Welcome to the Git tutorial. This guide covers the fundamentals
of version control with Git.

A blob is created when you run git add. Git compresses the file contents (makes them smaller for storage), computes a hash (a unique identifier — explained below), and stores the result as an object.

Tree Object

A tree represents a directory (folder).

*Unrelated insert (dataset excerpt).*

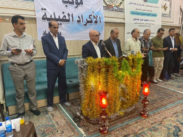 وبعدها اعتلى المنصة السيد طارق المندلاوي وابلغ الحضور تحيات النائب الاول لرئيس مجلس النواب الاستاذ محسن علي اكبر المندلاوي ورئيس مؤسسة الشهداء الاستاذ عبد الاله النائلي وتحدث عن دور موسسة الشهداء في تقديم الخدمات لذوي الشهداء وتسهيل اجراءات معاملاتهم استنادا لقانون رقم 2 لسنة 2016 وبدوره ابدى استعداده مع فريق العمل في المؤتمر الوطني العام للكورد الفيليين في تذليل كل العقبات امام مشاكل ومعانات الكورد الفيليين وان هناك جهودا كبيرة تبذل من قبل قيادة المؤتمر مع الحكومة الموقرة والفرصة جيدة في هذه المرحلة وخصوصا بوجود كل الخيرين في مؤسسات الدولة وعلى راسهم السيد رئيس الوزراء المهندس محمد شياع السوداني وهو ابن الشهداء والمضحين ويعلم جيدا معانات الكورد الفيليين وكذلك الاستاذ عبد الاله النائلي رئيس مؤسسة الشهداء ووجود السيد محسن علي اكبر المندلاوي كنائب الاول لرئيس مجلس النواب في السلطة التشريعة وكذلك التعاطف الكبير من قبل سيادة رئيس مجلس القضاء الاعلى الدكتور فائق زيدان واستجابته الاخيرة لكتاب المؤتمر الوطني العام للكورد الفيليين حول تعيين قاض مختص للنظر في شؤون المغيبين من شباب الكورد الفيليين لغرض اصدار حجة الوفاة لهم وتعيين قاض لمحكمة البداء حول مصادرة الاموال المنقولة وغير المنقولة لابناء المكون الفيلي والتوصيات التي صدرت من الامانة العامة لمجلس الوزراء حول قرار مجلس الوزراء 426 لسنة 2010 وبين ان مؤتمر اربيل الاخير حول الابادة الجماعية للكورد الفيليين برعاية الزعيم مسعود البرزاني كان حدثا مهما وخرجت بمجموعة من التوصيات حول قضايا الكورد الفيليين.

It contains a list of entries, where each entry is a reference to either a blob (file) or another tree (subfolder), along with the file name and permissions (who is allowed to read, write, or execute the file).

$ git cat-file -p da8d6f3
100644 blob b24d71e...    .gitignore
040000 tree 6e4aac2...    src/
040000 tree 34d3238...    docs/
100644 blob 676b59c...    README.md

Each entry starts with a mode that encodes the file type and permissions:

ModeMeaning
100644Regular file — most files you create will have this mode
100755Executable file — a program or script that can be run directly
040000Subdirectory — points to another tree object
120000Symbolic link — a special file that contains a path to another file; opening it opens the target instead
160000Submodule — a reference to a commit in another Git repository

Together, the tree objects form a hierarchy that mirrors your project’s folder structure at a specific point in time.

Commit Object

A commit records a snapshot of the entire project at a specific moment. It references a single root tree (the top-level directory of the project) and stores metadata — extra information about the change: who made it (author), when (timestamp), and a short message describing why.

$ git cat-file -p 3a7ed53
tree      da8d6f364612a07419ba0baf35dced6b52948c4f
parent    1f8716a405a8c09ef92012e713d3c087ae0b2678
author    user <user@example.com> 1641905621 +0200
committer user <user@example.com> 1641905621 +0200

Add project documentation

Every commit (except the very first one) has a parent — the commit that came before it. This parent reference forms a chain that is the history of your project. Merge commits have two or more parents.

Tag Object (Labels)

A tag object points to a commit and records extra information: who created the tag, when, and a message explaining what it represents. Tags are used to mark important points in the project history, most commonly release versions (e.g. v1.0, v2.0).

Because tag objects carry this extra information, they are called annotated tags — the annotation is the metadata that makes them more than just a name.

$ git cat-file -p v1.0
object  3a7ed539ea18da12d5707001d7a4c176f8911240
type    commit
tag     v1.0
tagger  user <user@example.com> 1641911532 +0200

First stable release

Unlike branches, tags do not move — they always point to the same commit. Use annotated tags for anything you plan to share with others. Tags are not pushed automatically — you must run git push origin --tags or git push origin v1.0 explicitly.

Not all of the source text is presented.